Conversing with Brad is the dark figure of Graf Feodor von Schwarzenegger-Heilbebach. Graf Feodor wheezes hoarsely as he delivers his report.
'I return *wheeze* from our master *wheeze* the Emperor', says Graf Feodor.
'Excellent', nods Bishop Brad. 'And what says Holy Roman Emperor Francis I about my plans?'
'Well *wheeze* he said a great deal *wheeze* ...'
'Are you ...well, my dear Graf?'
'It's *wheeze* the stairs. Just give me a *wheeze* minute'.
Bishop Brad waits politely, watching as his minion Igor capers around the chamber.

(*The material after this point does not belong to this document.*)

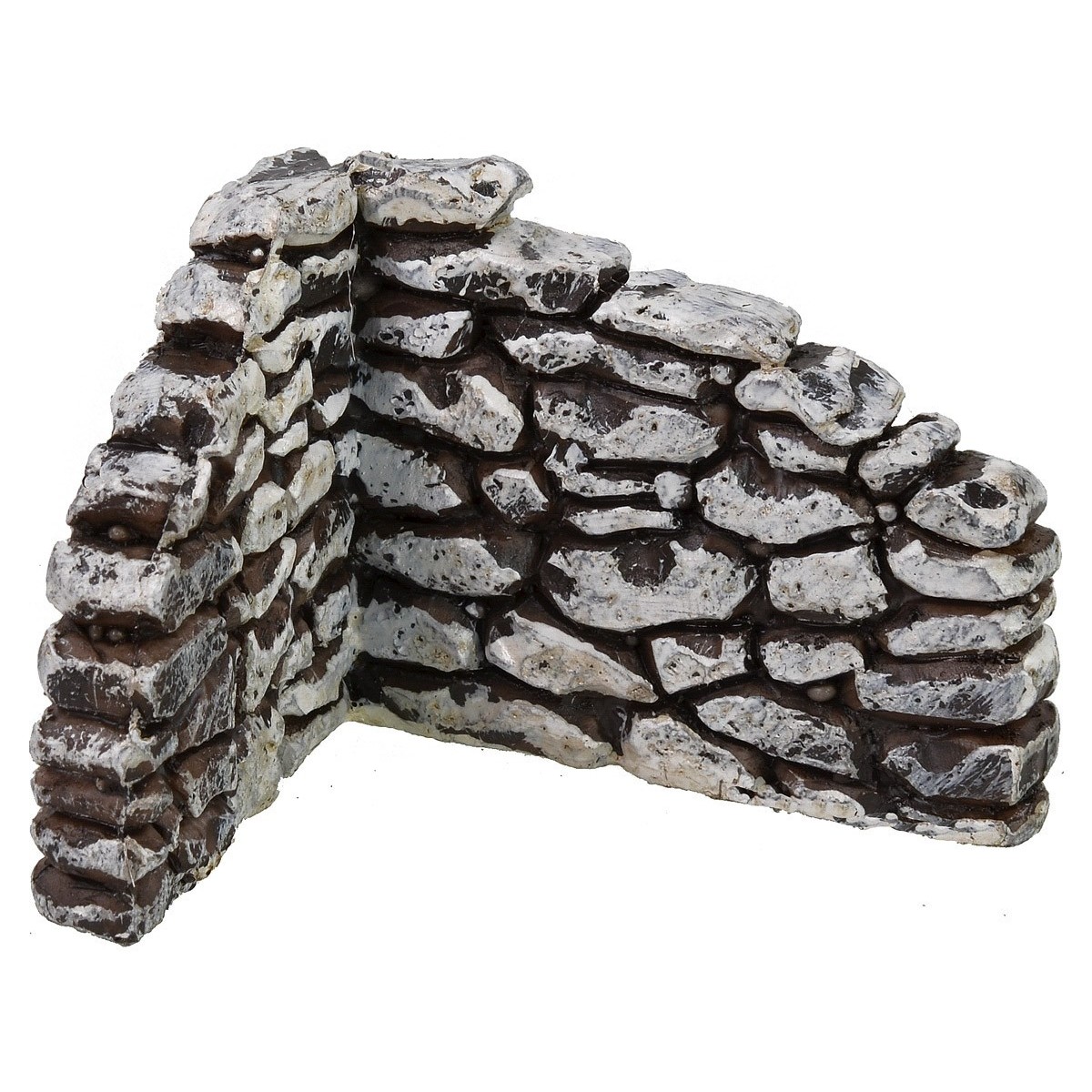Murete de esquina con efecto piedra realizado en resina. Un lado mide 4 cm, mientras que el otro 5,5 cm. El grosor del muro es de 1 cm, mientras que la altura máxima alcanza los 4,5 h cm.

'So yes', says the Graf eventually. 'He said a great deal about his wife, who just keeps nagging him about the Prussians. But, my dear Bishop, he also seemed very interested in furthering your ...'
At that moment, from somewhere down below, comes the wailing sound of a terrible, terrible scream ...
* It's not much of a dare, though, given that they have wings. Challenging them to impersonate a seagull on the docks of Rotenburg without getting themselves jellied - that would be a proper dare.